Now create some data that represent a trial that escalates without any reports of toxicity, and fit the revised model …
no_tox_data <- Data(
doseGrid = c(1, 3, 5, 10, 15, 20, 25, 40, 50, 80, 100),
x = c(c(1, 3, 5, 10, 15, 20), rep(c(25, 40, 50, 80, 100), each = 3)),
y = rep(0, 21),
cohort = as.integer(c(1:6, rep(7:11, each = 3))),
ID = as.integer(1:21)
)
no_tox_samples <- mcmc(no_tox_data, revised_model, default_mcmc_options)

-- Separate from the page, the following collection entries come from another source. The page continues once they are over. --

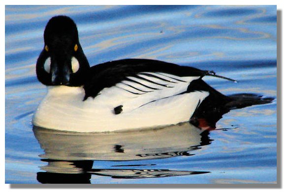 The problem with photographing wild birds is that they don't pose for the camera. I had been trying to get a side view of the lovely black and white markings (and white head spot) of this Goldeneye. Just as the shutter opened, it turned to face me - and produced this much more "interesting" shot!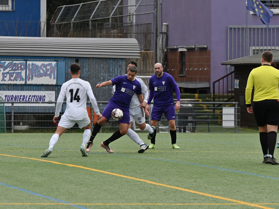 Shion Tsuji und Karim Bökenkamp vergaben im Strafraum aus aussichtsreichen Positionen. Dazu reagierte Union-Torhüter Eihab Weninger bei einem Kopfball von Tobias Neugebauer glänzend. „Am Ende des Tages hätte sich keiner beschweren können, wenn wir das Spiel noch gedreht hätten“, sagte Coutinho. Am Donnerstag erwarten die Lila-Weißen um 20.15 Uhr im letzten Kreispokal-Achtelfinale den Verbandsligisten FFV Sportfreunde. Auf Seiten der Niederräder meinte der Vorsitzende Khalid Lamjahed: „Wir waren nach der ersten Chance des verletzt ins Spiel gegangenen Emir Drino hochüberlegen und gingen folgerichtig in Führung. Bis zur 35. Minute kam von Hausen nichts. In der zweiten Halbzeit ergab sich ein ganz anderes Bild. Wir wirkten müde und Hausen drückte auf unser Tor. Wir haben den Sieg über die Zeit gerettet und sind froh über die wichtigen drei Punkte.“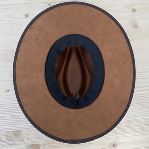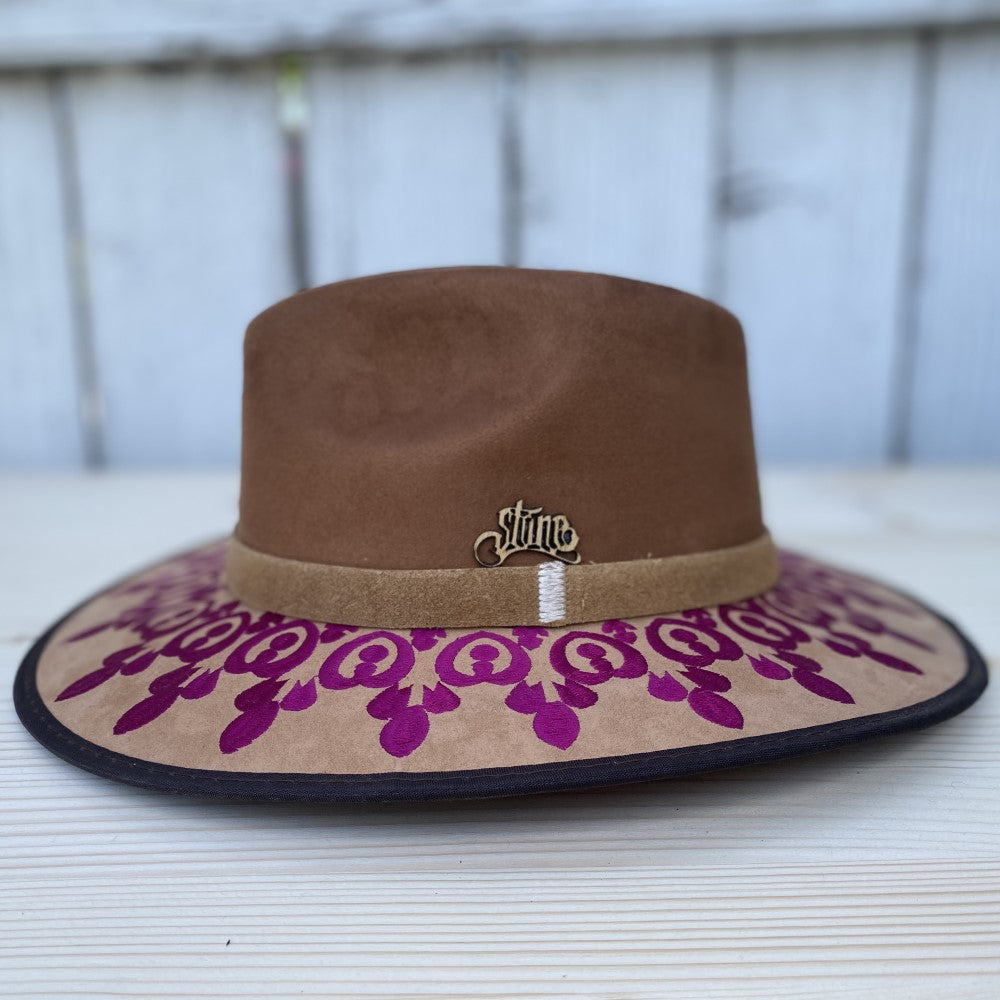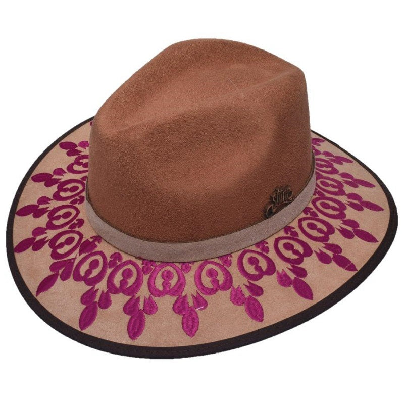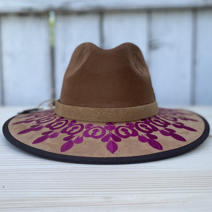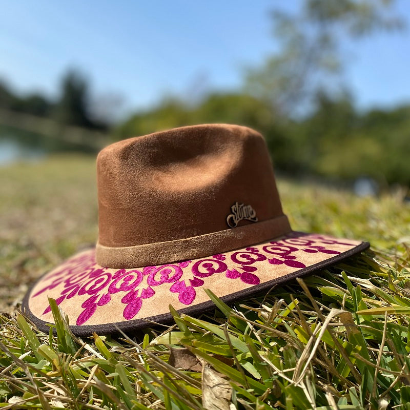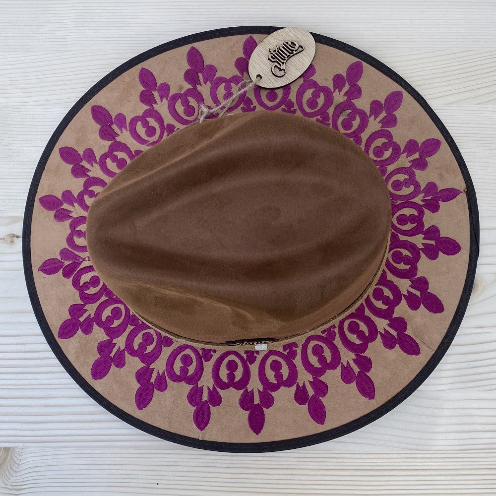 Sombrero de fieltro para mujer de Stone Hats. Hermoso material de fieltro color camel en la copa de el sombrero con un patron encantador color rosa bordado rodeando la falda de el sombrero.

recommended_dose <- nextBest(
next_best,
doselimit = Inf,
samples = no_tox_samples,
model = initial_model,
data = no_tox_data
)
recommended_dose$probs
#> dose target overdose
#> [1,] 1 0.000 0.000
#> [2,] 3 0.000 0.000
#> [3,] 5 0.000 0.000
#> [4,] 10 0.000 0.000
#> [5,] 15 0.000 0.000
#> [6,] 20 0.000 0.000
#> [7,] 25 0.000 0.000
#> [8,] 40 0.019 0.000
#> [9,] 50 0.090 0.000
#> [10,] 80 0.335 0.022
#> [11,] 100 0.388 0.135
stopTrial(stopping_trial, recommended_dose$value, no_tox_samples, initial_model, no_tox_data)
#> [1] TRUE
#> attr(,"message")
#> attr(,"message")[[1]]
#> attr(,"message")[[1]][[1]]
#> [1] "Number of cohorts is 11 and thus reached the prespecified minimum number 3"
#>
#> attr(,"message")[[1]][[2]]
#> [1] "Probability for target toxicity is 39 % for dose 100 and thus below the required 50 %"
#>
#>
#> attr(,"message")[[2]]
#> [1] "Number of patients is 21 and thus reached the prespecified minimum number 20"
#>
#> attr(,"individual")
#> attr(,"individual")[[1]]
#> [1] FALSE
#> attr(,"message")
#> attr(,"message")[[1]]
#> [1] "Number of cohorts is 11 and thus reached the prespecified minimum number 3"
#>
#> attr(,"message")[[2]]
#> [1] "Probability for target toxicity is 39 % for dose 100 and thus below the required 50 %"
#>
#> attr(,"individual")
#> attr(,"individual")[[1]]
#> [1] TRUE
#> attr(,"message")
#> [1] "Number of cohorts is 11 and thus reached the prespecified minimum number 3"
#> attr(,"report_label")
#> [1] "≥ 3 cohorts dosed"
#>
#> attr(,"individual")[[2]]
#> [1] FALSE
#> attr(,"message")
#> [1] "Probability for target toxicity is 39 % for dose 100 and thus below the required 50 %"
#> attr(,"report_label")
#> [1] "P(0.2 ≤ prob(DLE | NBD) ≤ 0.35) ≥ 0.5"
#>
#> attr(,"report_label")
#> [1] NA
#>
#> attr(,"individual")[[2]]
#> [1] TRUE
#> attr(,"message")
#> [1] "Number of patients is 21 and thus reached the prespecified minimum number 20"
#> attr(,"report_label")
#> [1] "≥ 20 patients dosed"
#>
#> attr(,"report_label")
#> [1] NA
More importantly, these results illustrate something that should have been obvious from the outset: expecting the trial to identify the MTD definitively in fewer than 20 participants is unrealistic (unless the MTD is very much towards the left hand - lower - end of the dose grid) because it takes almost 20 participants to travel from the lower end of the dose grid to the upper. Ignoring the plateauing mentioned in the previous paragraph, the increments rule we defined means that we need at least one participant at doses of 1, 3, 5, 10, 15 and 20 mg, and three at each of 25, 40, 50, 80 and 100 mg. That’s a total of 6 x 1 + 5 x 3 = 21 participants. So we hit the futility limit before we finish escalation over the dose grid, even if no DLTs are reported. That’s simply not realistic.
So our final alteration is to increase the futility rule from 20 participants to 40.
revised_stopping_futility <- StoppingMinPatients(nPatients = 40)
revised_stopping_trial <- (stopping_success1 & stopping_success2) | revised_stopping_futility
revised_design2 <- Design(
model = revised_model,
nextBest = next_best,
stopping = revised_stopping_trial,
increments = revised_increment_rule,
cohort_size = cohort_size,
data = empty_data,
startingDose = 3
)
This new design allows us to escalate over the full extent of the dose grid before the futility stopping rule kicks in. Further refinement of the prior model may remove the need for additional cohorts before escalation from 20, 25 and 50 mg. We leave that as an exercise for the reader.
We now have a design that is worthy of more detailed investigation of its operating characteristics. We will do this in the next vignette in the series, which is yet to be written.
Final observation
The simulations used in this vignette have used relatively short chains of 1000 samples, purely in the interests of speed. When investigating the properties of a real trial, much longer chain lengths should be used. For example, to estimate a binomial probability to an accuracy of ±1%, an effective sample size (ESS) of around 40,000 is required.